В этом случае удаление одного признака может упростить модель и сделать её более надёжной.

🔎 Как подойти на практике:
1. Проверьте через кросс-валидацию, ухудшается ли качество модели при удалении одного признака.
2. Используйте предметные знания, чтобы определить, не измеряют ли оба признака одно и то же.
3. Вместо удаления можно применить регуляризацию (например, L1 или L2), чтобы модель автоматически уменьшала влияние избыточных признаков.

Библиотека собеса по Data Science
Please open Telegram to view this post
VIEW IN TELEGRAM



tg-me.com/ds_interview_lib/1008
Create:
Last Update:

🗑 Нужно ли автоматически удалять один из признаков, если они сильно коррелируют

Не всегда — всё зависит от цели вашей модели.
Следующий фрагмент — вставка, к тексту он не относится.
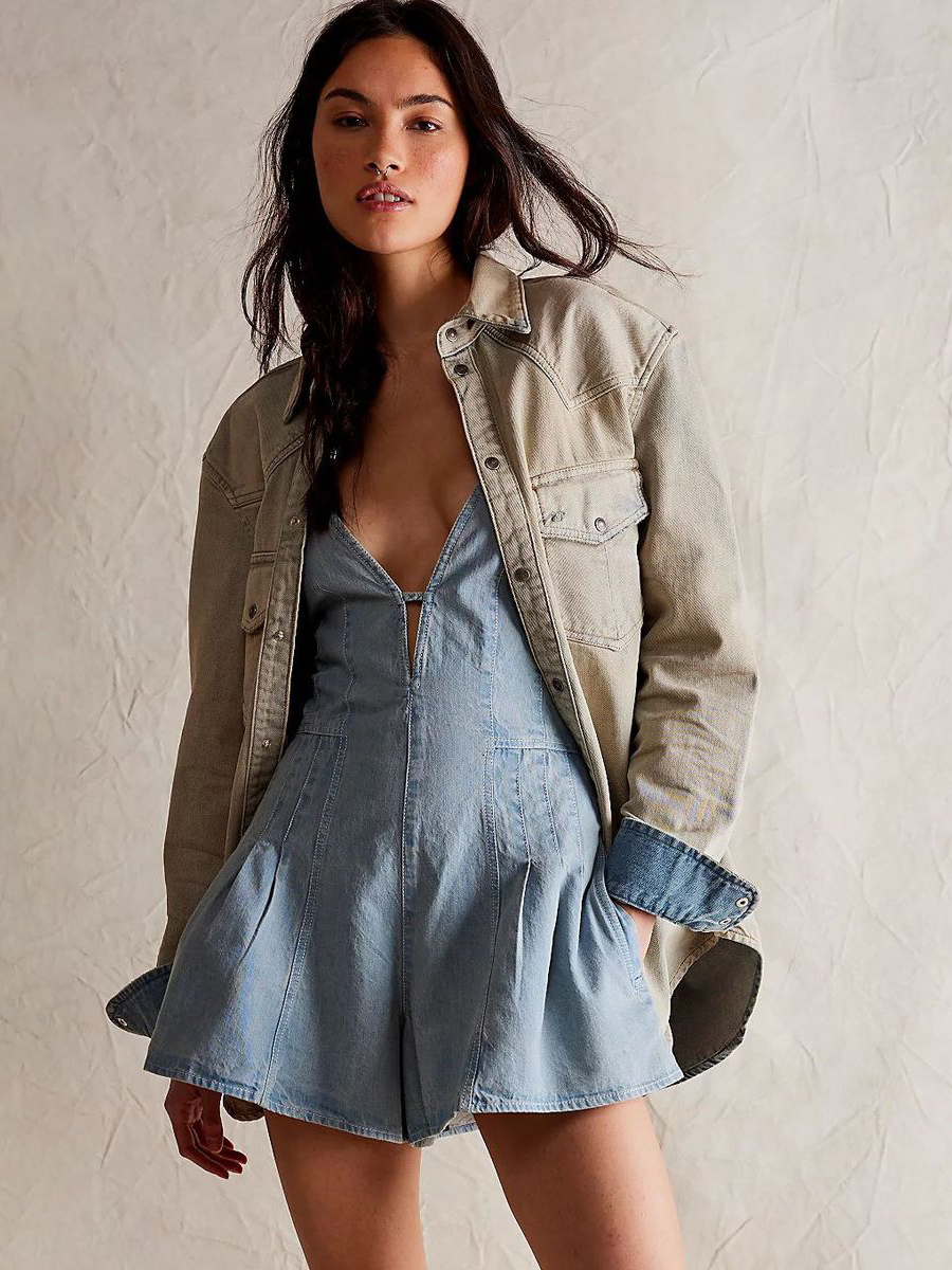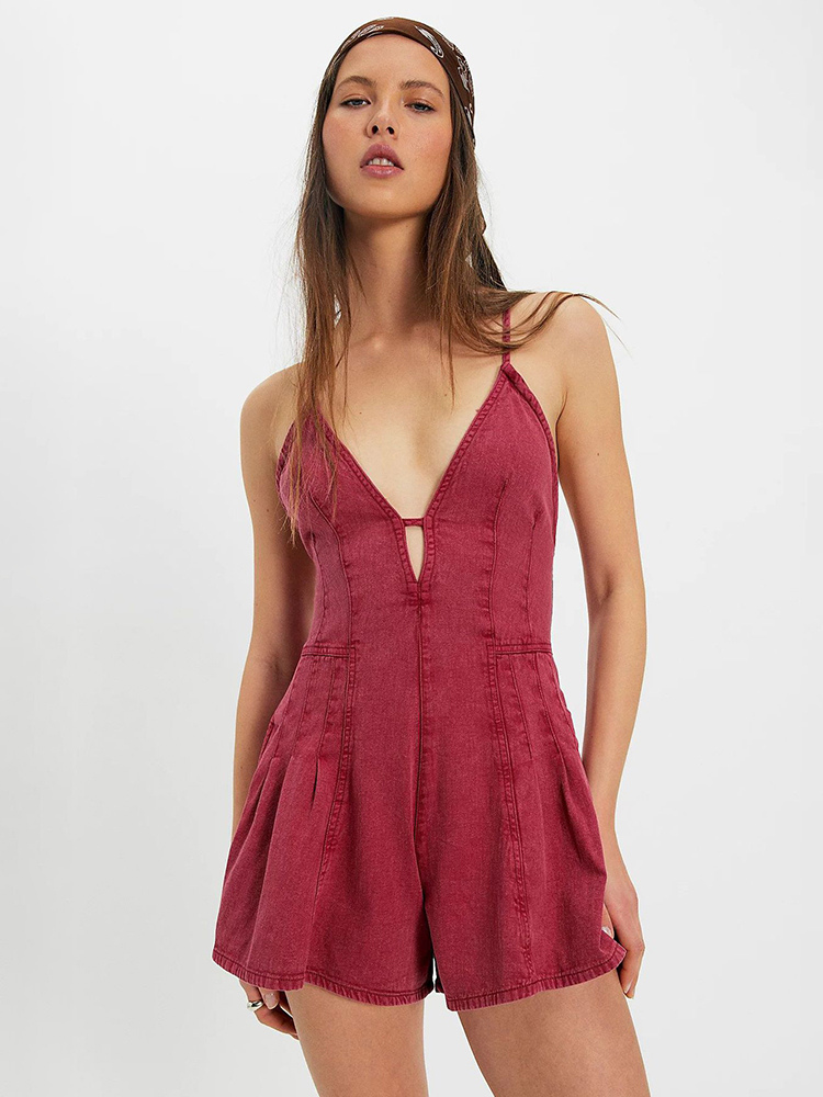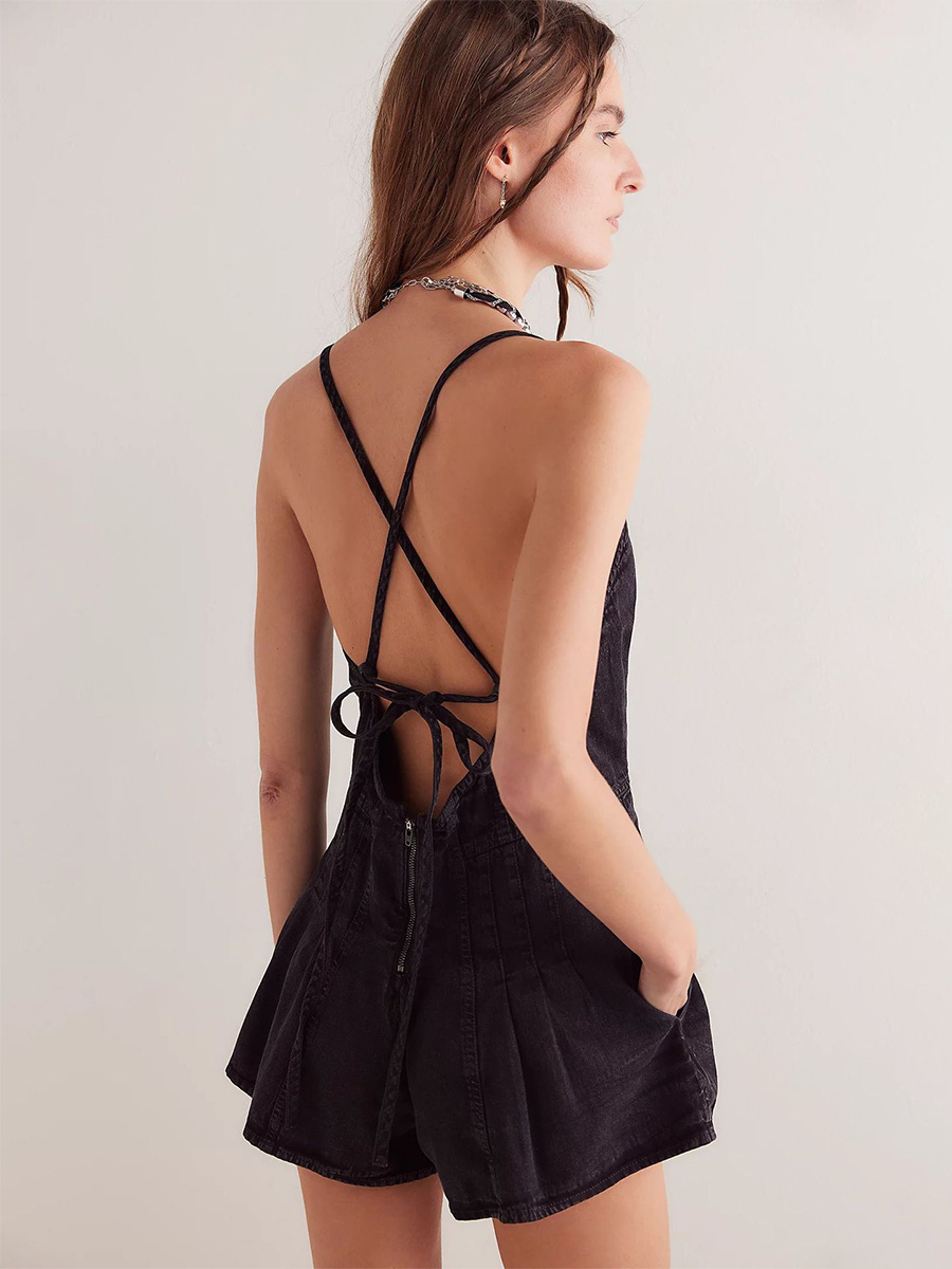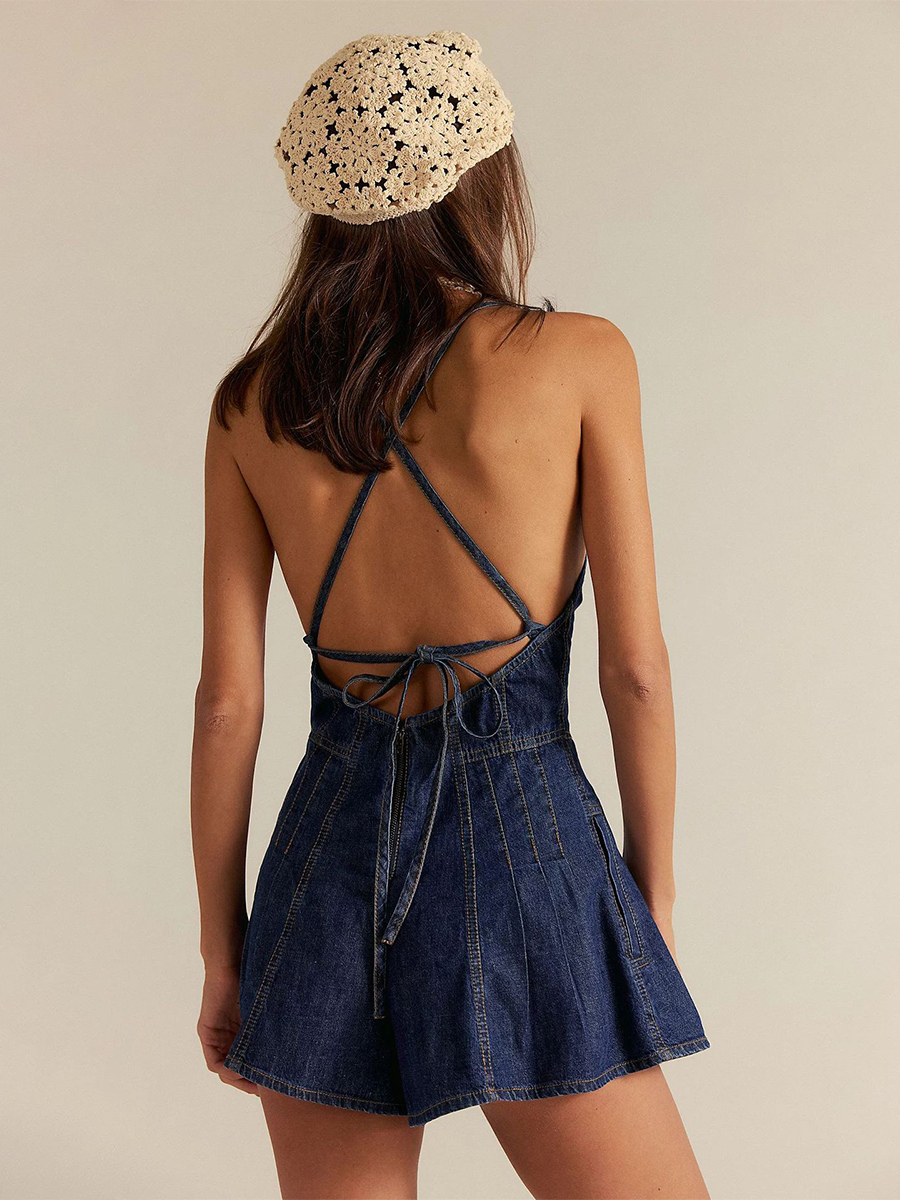背中開きウォッシュドデニムロンパース(レディース) - グランジ風Vネッククロスストラッププレイスーツ(ポケット付き) - サマーミュージックフェスティバル2026

🎯 Если важна точность предсказаний:
Современные алгоритмы машинного обучения (например, Random Forest, градиентный бустинг, нейросети) достаточно устойчивы к мультиколлинеарности.
Если оба признака способствуют улучшению метрик — удалять не обязательно.

🧠 Если важна интерпретируемость (например, в линейной регрессии):
Сильно коррелирующие признаки могут делать модель нестабильной и затруднять интерпретацию коэффициентов.
В этом случае удаление одного признака может упростить модель и сделать её более надёжной.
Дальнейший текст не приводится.